L’unico motivo per cui i risultati di questa giornata non rappresentano l’ultima parola nella decisione finale sui candidati è dovuto al fatto che, tra gli stati più popolosi in grado di assegnare un sostanzioso numero di delegati, solo il Texas rientra nel gruppone di ieri. Molti altri (come la Florida, l’Ohio e l’Illinois) si pronunceranno il 15 marzo.
Un altro importante fattore da tenere a mente è che i delegati del Super Tuesday sono assegnati in base ad un sistema proporzionale che premia anche il secondo o il terzo classificato mentre le consultazioni successive sono strutturate in base al criterio del “vincitore piglia-tutto”.

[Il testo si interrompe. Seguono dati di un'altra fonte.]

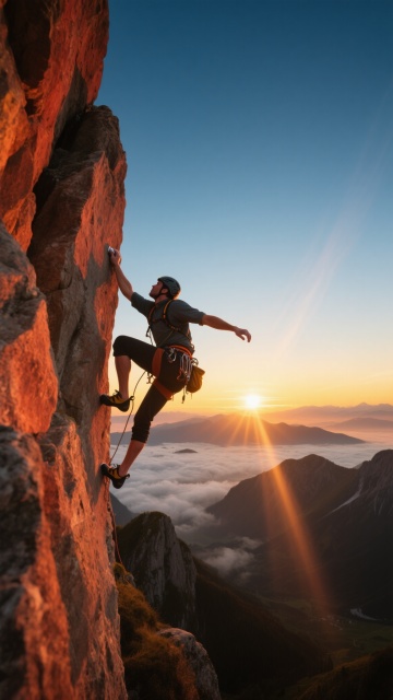 一张充满活力的运动场景照片,展现一位男性运动员在不同运动场景中的动态瞬间。画面采用低角度仰拍,捕捉人物充满力量感的肢体动作和运动姿态。温暖的夕阳从侧后方照射,在人物轮廓边缘形成明亮的金色光晕,同时在地面上投射出长长的影子。天空呈现出清澈的渐变蓝色,点缀着几朵轻盈的白云。人物穿着运动背心和短裤,脚上是专业的运动鞋,肌肉线条在运动中紧绷而富有爆发力。地面根据不同运动场景变化,可能是湿润的柏油跑道、红色的塑胶田径场、绿色的草地或山间小径,表面反射着阳光的光泽。背景可以是城市天际线、郊外的树林或山间的风景,营造出开阔而充满能量的氛围。整体色调以金色、橙色和蓝色为主,高对比度,清晰的细节,展现运动的速度感和力量美,捕捉运动中最具动感和张力的瞬间。
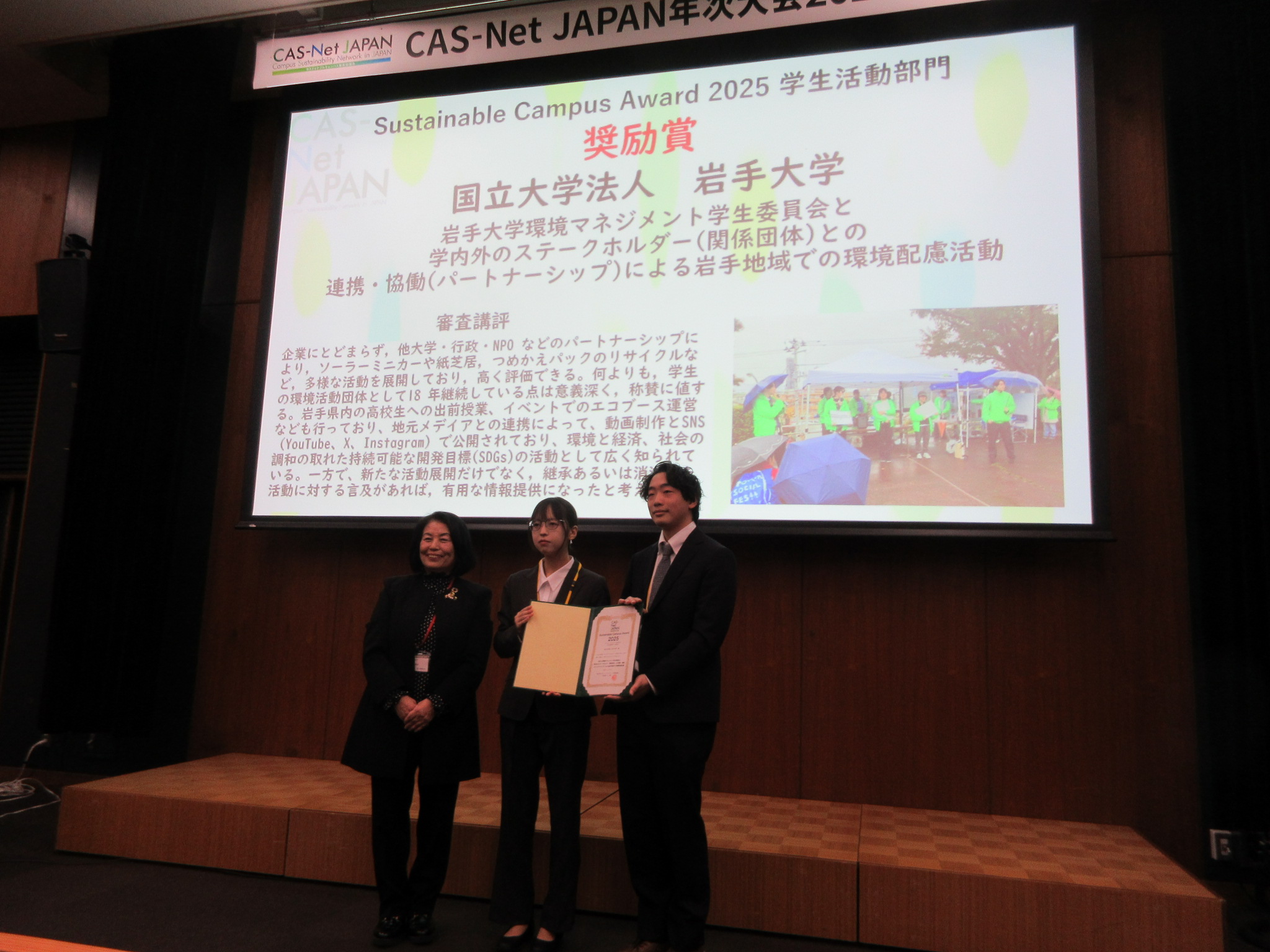 一般社団法人サステイナブルキャンパス推進協議会(CAS-Net JAPAN)2025年次大会に環境マネジメント学生委員会所属学生と参加。「サステイナブルキャンパス賞2025」奨励賞を受賞しました。
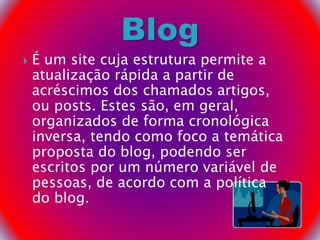 O documento descreve o que é um blog. Um blog é um site onde posts são organizados de forma cronológica inversa e atualizados frequentemente. Blogs geralmente cobrem um tópico específico e permitem comentários de leitores. Existem diferentes tipos de blogs como pessoais, corporativos e de gênero específico.

Inutile dire che ormai da giorni, gli occhi dell’America sono puntati sui due favoriti: Donald Trump e Hillary Clinton i quali, forti del vantaggio accumulato finora sono arrivati alla vigilia del voto con la possibilità teorica di porre un sigillo, almeno psicologico sull’inevitabilità della loro nomina. La certezza matematica di una nomination è rimandata ancora per un po’ ma le attese dell’inizio sono state mantenute e i due favoriti si sono affermati senza problemi in quegli stati dove le proiezioni della vigilia li davano per vincenti. Se da una parte il partito e l’elettorato democratico si sono stretti intorno alla ex First Lady il rivale della Clinton, il senatore del Vermont Bernie Sanders, continua a poter contare su un gran numero di sostenitori sia tra il popolo progressista che tra i vertici del Partito Democratico.

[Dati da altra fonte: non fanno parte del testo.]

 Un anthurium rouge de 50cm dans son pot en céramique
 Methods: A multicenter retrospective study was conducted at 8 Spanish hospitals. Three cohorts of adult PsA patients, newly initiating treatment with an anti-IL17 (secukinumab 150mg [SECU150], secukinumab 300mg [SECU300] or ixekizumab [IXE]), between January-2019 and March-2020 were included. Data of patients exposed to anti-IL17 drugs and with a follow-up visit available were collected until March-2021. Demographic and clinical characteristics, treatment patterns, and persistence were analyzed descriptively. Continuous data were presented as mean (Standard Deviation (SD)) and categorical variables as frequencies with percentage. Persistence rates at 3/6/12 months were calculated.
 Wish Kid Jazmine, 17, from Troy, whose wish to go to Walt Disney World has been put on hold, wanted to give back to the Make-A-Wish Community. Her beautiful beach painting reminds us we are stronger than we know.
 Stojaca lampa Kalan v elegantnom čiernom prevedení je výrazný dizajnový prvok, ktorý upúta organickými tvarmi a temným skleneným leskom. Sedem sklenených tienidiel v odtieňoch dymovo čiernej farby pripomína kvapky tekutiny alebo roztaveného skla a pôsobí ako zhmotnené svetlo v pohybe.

Lo stesso non è avvenuto tra le fila del GOP dove i toni della diatriba tra i tre maggiori contendenti, Donald Trump, Ted Cruz e Marco Rubio, hanno toccato il fondo del decoro politico nel corso dell’ultimo dibattito televisivo. Toni che hanno raggiunto tali livelli di trivialità e di volgarità forse a causa dell’esigenza da parte di Ted Cruz e (soprattutto) Marco Rubio, di contrastare il capolista Trump con le stesse armi retoriche da lui utilizzate per deridere o ridicolizzare i suoi avversari.

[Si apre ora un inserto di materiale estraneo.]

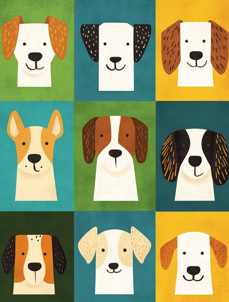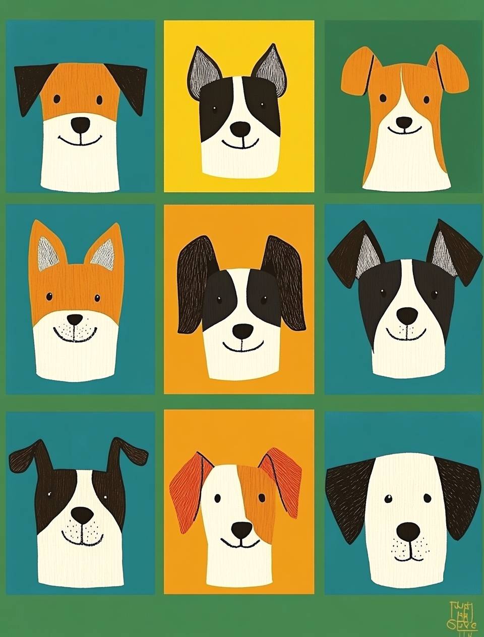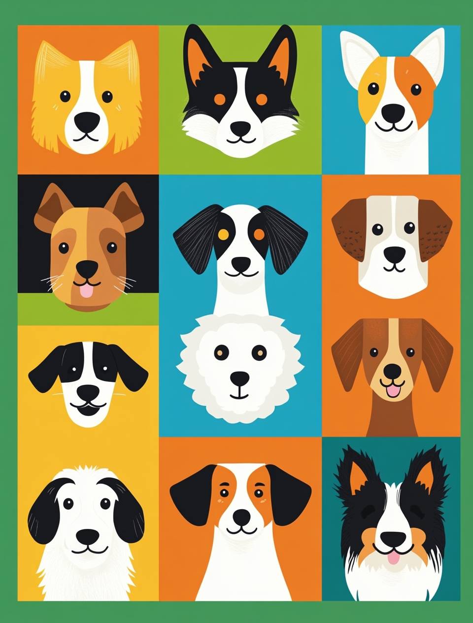 A set of cute cartoon dog faces in the style of minimalist illustrator Jon Klassen, with bold lines and simple shapes. The background is bright green, blue or yellow squares, arranged in a grid pattern. Each face has different hair patterns and colors, such as white fur on black ears for corgis, brown woolen coats for sheep dogs, etc., with simple eyes and expressive mouth expressions. --ar 97:128 --v 6.1

Ma se gli attacchi senza esclusione di colpi sono da prevedere tra candidati che “sgomitano” per assicurarsi il premio finale, questo tuttavia è il primo ciclo elettorale in cui stiamo assistendo all’ascesa meteorica di un candidato che, paradossalmente, si è anche guadagnato l’ostilità aperta dei dirigenti del suo stesso partito. I vertici del GOP hanno assunto nei confronti della candidatura di Donald Trump lo stesso atteggiamento che hanno verso la questione dei cambiamenti climatici: tutti erano consapevoli del problema; tutti hanno scelto intenzionalmente di negarlo e ora sono nei guai perché non sanno come fermarlo.
Ad aggiungere la beffa al danno, nel corso di questa campagna elettorale Trump sta approfittando di alcuni cambiamenti nell’organizzazione delle primarie che gli stessi vertici del partito hanno attuato dopo le scorse presidenziali per rendere più spedito l’andamento di questa fase elettorale e consentire ai favoriti di raggiungere la certezza matematica della nomination dopo poche tornate. Uno di questi cambiamenti, che proprio durante questo Supertuesday ha consentito al magnate newyorchese di affermarsi con ampi margini di vantaggio, è stato quello di eliminare da questa consultazione stati del West come il Wyoming e l’Idaho e sostituirli con stati del profondo Sud che portano alle urne un elettorato etnicamente bianco, estremamente conservatore e culturalmente recalcitrante al multiculturalismo. Un bacino elettorale quindi sensibile alla retorica demagogica e populista di Trump che non ha mancato di approfittare dell’occasione facendo man bassa dei delegati di questa regione.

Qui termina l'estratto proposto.